Поднимаюсь, не дыша, по ступенькам, раздвигаю внутреннюю перегородку.
Воняет уксусом и рвотой.
Голова так кружится, что меня и самого вот-вот стошнит.
Валюсь на пустую лавку и в ту же секунду отрубаюсь.
17.
Это триумф! Я сейчас заплачу от счастья! Большой зал консерватории забит до отказа. Ложа сверкает бриллиантами. Тут и президент с супругой, и министр культуры, а вот и Монсеррат Кабалье собственной персоной. Возбужденная публика свешивается с балконов и метает в сцену цветы. Амфитеатр рукоплещет и топает так, что пол ходуном ходит.
– Мол–ча–нов! Мол–ча–нов! Мол–ча–нов!
А я еще даже не поднял руки.
Вторые скрипки переглядываются с альтами. Такой сенсационной премьеры на их памяти еще не было. Вспышки ослепляющими салютами щелкают в лицо и сбивают с ритма.
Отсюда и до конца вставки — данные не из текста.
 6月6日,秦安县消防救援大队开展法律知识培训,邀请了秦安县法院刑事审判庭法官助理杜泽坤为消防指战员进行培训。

Почему фан-зону и танцевальный партер не оцепили?
Поворачиваюсь к зрительному залу, кланяюсь на три стороны, ауфтакт, и вдруг флейта-пикколо исподтишка берет верхнее «до» и раздувает его в пронзительный свист, мерзкий и протяжный, как звук закипающего чайника.
Барабанные перепонки дребезжат, будто Инна Михайловна вставила свой инструмент мне прямо в правое ухо. Машу палочкой, приказываю ей замолчать, топаю, но ничего не помогает, эта умалишенная сейчас испортит мой праздник.
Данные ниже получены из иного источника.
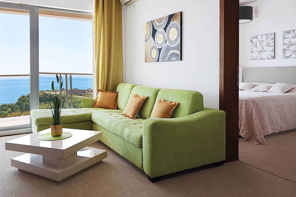El nuevo apartamento de 4 habitaciones con un moderno diseño interior se encuentra en el sexto piso y ofrece una vista panorámica única del mar Adriático. ¡Este apartamento totalmente amueblado cuenta con 3 dormitorios, 2,5 baños y ofrece gran comodidad y relajación para hasta 10 personas! Como huésped, tienes acceso gratuito a las piscinas, bares, saunas, jacuzzi y gimnasio. ¡Disfruta de una taza de café por la mañana en el balcón con una fantástica vista de la bahía de Becici y el mar prístino!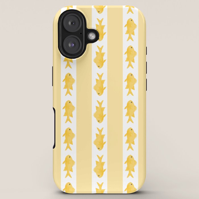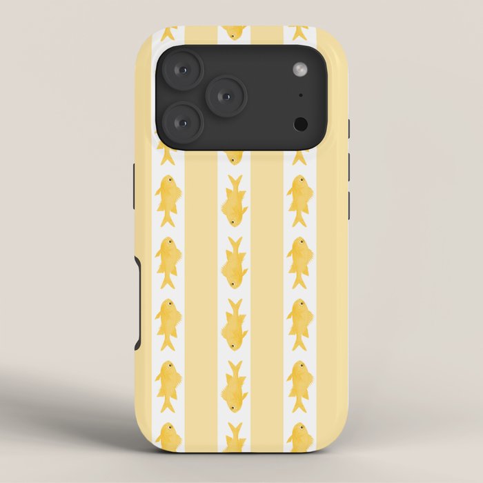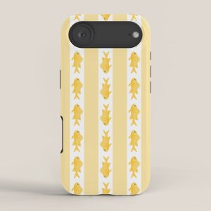 Be the first to review “Coastal Fish Stripes Contemporary Cottage Pattern in Pastel Yellow and White iPhone Case”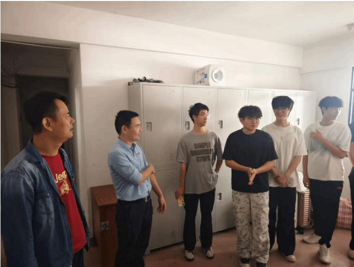 领导老师及班主任深入学生宿舍,与同学们畅谈,细致询问学业进展、生活适应情况及实际需求。从床铺设施、水电供应到卫生环境,逐一察看细节,确保同学们拥有安全舒适的居住条件。

Она и не думает затыкаться, переходит с форте на фортиссимо, потом и вовсе на
– Милиция! Милиция! – вопит, вцепившись когтями мне в лицо.
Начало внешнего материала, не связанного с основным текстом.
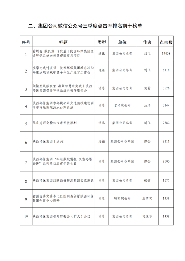 三季度,集團(tuán)融媒體平臺(tái)緊緊圍繞喜迎黨的二十大、重點(diǎn)項(xiàng)目建設(shè)等重點(diǎn)工作進(jìn)行宣傳報(bào)道,開展的“我們退伍不退色”主題稿件征集活動(dòng)被“學(xué)習(xí)強(qiáng)國(guó)”平臺(tái)采用,取得較好效果。三季度,融媒體平臺(tái)共計(jì)刊發(fā)稿件297篇。總體來看,各單位對(duì)信息工作重視程度有所提升,但仍有部分單位對(duì)企業(yè)亮點(diǎn)特色工作、經(jīng)驗(yàn)成效等方面挖掘不深,信息質(zhì)量不高。其中,水環(huán)境公司、中圣公司等單位能夠堅(jiān)持總結(jié)工作亮點(diǎn)、經(jīng)驗(yàn)成效,按期高質(zhì)量報(bào)送稿件,較好地發(fā)揮了表率帶頭作用。但仍有秦楓公司、油氣公司等單位對(duì)新聞稿件報(bào)送工作認(rèn)識(shí)不足、重視不夠,未按照集團(tuán)要求投稿且質(zhì)量較差。個(gè)別單位報(bào)送的信息抓不住主題和重點(diǎn),信息內(nèi)容單一、表述不規(guī)范,大部分信息為簡(jiǎn)單的會(huì)議總結(jié),缺乏加工提煉,應(yīng)付交差的問題較為突出。

– Какая к черту милиция?! – таскаю ее за волосы. – Это ты сейчас поедешь у меня в милицию!
Тяжелая рука – контрабас или литавры – ложится мне на плечо, пока я пытаюсь отжать у Инны Михайловны флейту.
– Мужчина! Просыпаемся!
Ресницы плавит яркий свет – световик шибает прожектором прямо в глаз.
– Але-мале? – амбал в форме светит мне в лицо огромным фонарем.
–В последнем вагоне баба холодная,– басит грубый голос издалека. – Сгоняй их всех в этот вагон и запирай!
– У меня одна пьянь. Сейчас подойду! – мой мучитель, вырубает фонарь.
Я ослеп.
Воняет перегаром и немытым телом. Сквозь звериный храп слышу щелчок закрывающегося замка.
– Выехал наряд! – рапортует рация.
Скашиваю глаза до предела – никого. Напротив – шевеление. Зрение возвращается фигурой парня с соломенными волосами. Он дрыхнет в скрюченной позе, а рукой тянется к пустой бутылке. Лунатик, что ли?
Бутылка соскальзывает с грохотом на пол, и в один прыжок возле нас оказывается мент с рацией на поясе, замахивается на пацана дубинкой. Машинально хватаю бутылку и прикладываю агрессора по загривку, как досталось Сергуне от его малышки.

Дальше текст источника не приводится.